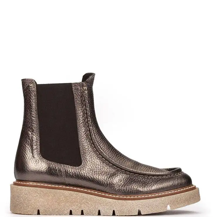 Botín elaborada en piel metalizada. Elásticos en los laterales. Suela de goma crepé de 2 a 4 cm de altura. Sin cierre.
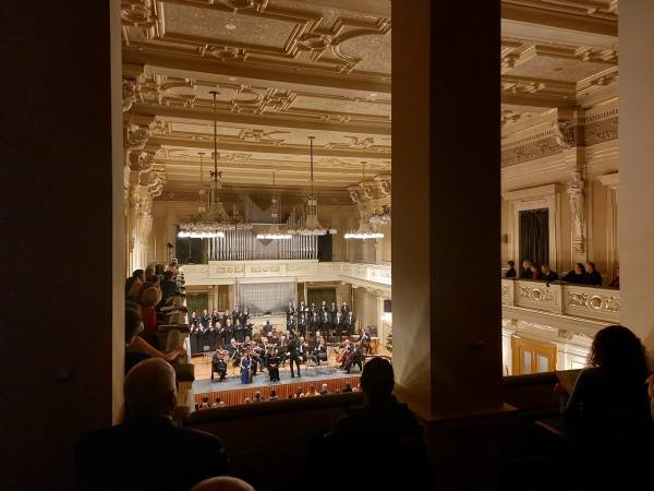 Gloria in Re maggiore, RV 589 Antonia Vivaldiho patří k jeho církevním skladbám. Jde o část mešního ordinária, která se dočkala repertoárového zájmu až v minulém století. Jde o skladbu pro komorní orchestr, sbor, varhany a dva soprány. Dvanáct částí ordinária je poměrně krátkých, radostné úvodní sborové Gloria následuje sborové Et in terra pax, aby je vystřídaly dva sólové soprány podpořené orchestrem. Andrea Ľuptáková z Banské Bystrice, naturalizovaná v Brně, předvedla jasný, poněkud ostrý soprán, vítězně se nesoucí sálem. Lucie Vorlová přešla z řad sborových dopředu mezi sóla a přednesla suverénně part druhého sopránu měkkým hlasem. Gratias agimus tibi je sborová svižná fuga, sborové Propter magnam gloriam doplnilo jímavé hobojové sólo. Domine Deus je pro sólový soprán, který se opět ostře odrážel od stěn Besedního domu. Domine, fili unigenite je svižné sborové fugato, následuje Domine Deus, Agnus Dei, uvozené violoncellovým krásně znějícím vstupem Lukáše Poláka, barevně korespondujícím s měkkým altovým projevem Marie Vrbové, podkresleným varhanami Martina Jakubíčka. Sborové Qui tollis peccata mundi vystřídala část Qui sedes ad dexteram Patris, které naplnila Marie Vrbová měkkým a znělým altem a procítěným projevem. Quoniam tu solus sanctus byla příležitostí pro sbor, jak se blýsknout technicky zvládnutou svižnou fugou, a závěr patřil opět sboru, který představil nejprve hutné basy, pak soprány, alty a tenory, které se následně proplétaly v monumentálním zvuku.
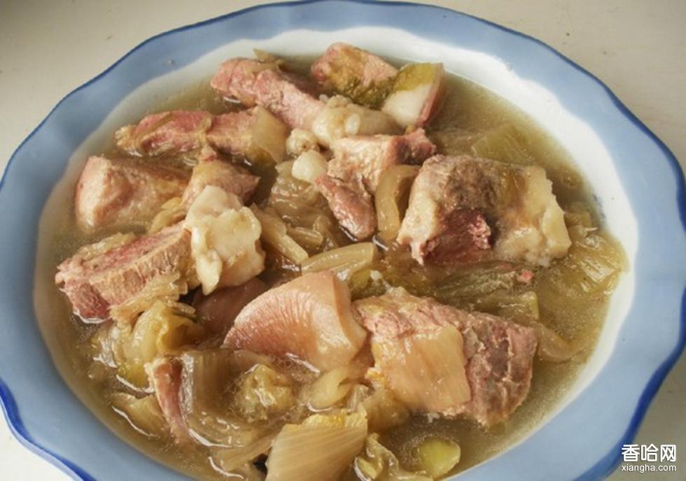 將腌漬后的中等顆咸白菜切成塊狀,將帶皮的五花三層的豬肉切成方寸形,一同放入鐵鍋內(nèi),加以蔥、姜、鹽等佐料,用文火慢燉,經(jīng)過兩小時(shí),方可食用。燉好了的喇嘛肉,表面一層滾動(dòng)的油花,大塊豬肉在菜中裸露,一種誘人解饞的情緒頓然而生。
==
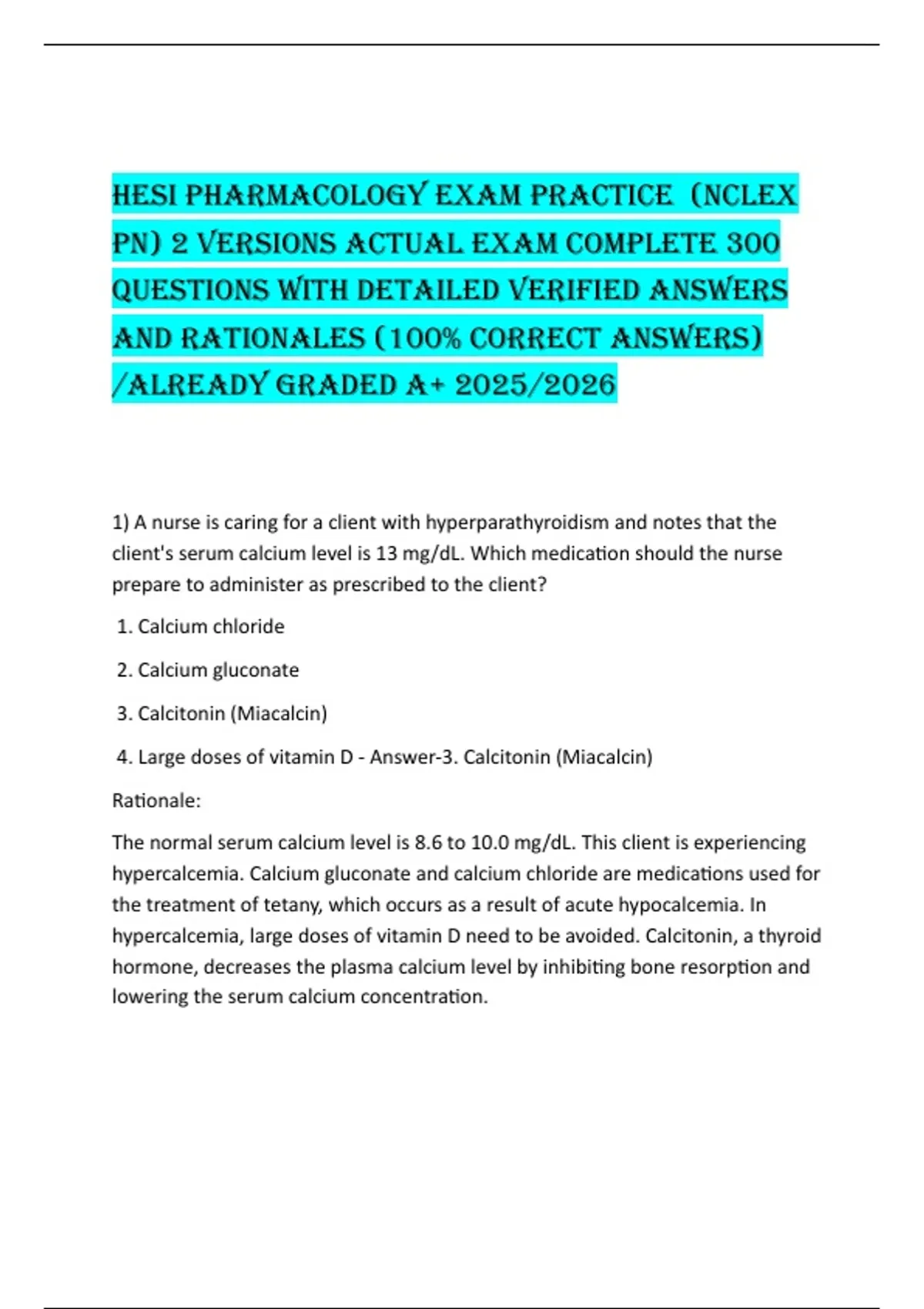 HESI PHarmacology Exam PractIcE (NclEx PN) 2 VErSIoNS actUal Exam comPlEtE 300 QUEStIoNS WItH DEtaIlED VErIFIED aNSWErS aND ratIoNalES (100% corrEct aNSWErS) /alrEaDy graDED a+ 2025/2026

▶ _What you have to do_: Using the material above, reproduce only the lines that run from the line with "Gloria in Re" up to and including the line with "將腌漬后的中等顆咸白菜切成塊", exactly, with the pictures dropped.

▶ _Finished exercise_:
 Gloria in Re maggiore, RV 589 Antonia Vivaldiho patří k jeho církevním skladbám. Jde o část mešního ordinária, která se dočkala repertoárového zájmu až v minulém století. Jde o skladbu pro komorní orchestr, sbor, varhany a dva soprány. Dvanáct částí ordinária je poměrně krátkých, radostné úvodní sborové Gloria následuje sborové Et in terra pax, aby je vystřídaly dva sólové soprány podpořené orchestrem. Andrea Ľuptáková z Banské Bystrice, naturalizovaná v Brně, předvedla jasný, poněkud ostrý soprán, vítězně se nesoucí sálem. Lucie Vorlová přešla z řad sborových dopředu mezi sóla a přednesla suverénně part druhého sopránu měkkým hlasem. Gratias agimus tibi je sborová svižná fuga, sborové Propter magnam gloriam doplnilo jímavé hobojové sólo. Domine Deus je pro sólový soprán, který se opět ostře odrážel od stěn Besedního domu. Domine, fili unigenite je svižné sborové fugato, následuje Domine Deus, Agnus Dei, uvozené violoncellovým krásně znějícím vstupem Lukáše Poláka, barevně korespondujícím s měkkým altovým projevem Marie Vrbové, podkresleným varhanami Martina Jakubíčka. Sborové Qui tollis peccata mundi vystřídala část Qui sedes ad dexteram Patris, které naplnila Marie Vrbová měkkým a znělým altem a procítěným projevem. Quoniam tu solus sanctus byla příležitostí pro sbor, jak se blýsknout technicky zvládnutou svižnou fugou, a závěr patřil opět sboru, který představil nejprve hutné basy, pak soprány, alty a tenory, které se následně proplétaly v monumentálním zvuku.
 將腌漬后的中等顆咸白菜切成塊狀,將帶皮的五花三層的豬肉切成方寸形,一同放入鐵鍋內(nèi),加以蔥、姜、鹽等佐料,用文火慢燉,經(jīng)過兩小時(shí),方可食用。燉好了的喇嘛肉,表面一層滾動(dòng)的油花,大塊豬肉在菜中裸露,一種誘人解饞的情緒頓然而生。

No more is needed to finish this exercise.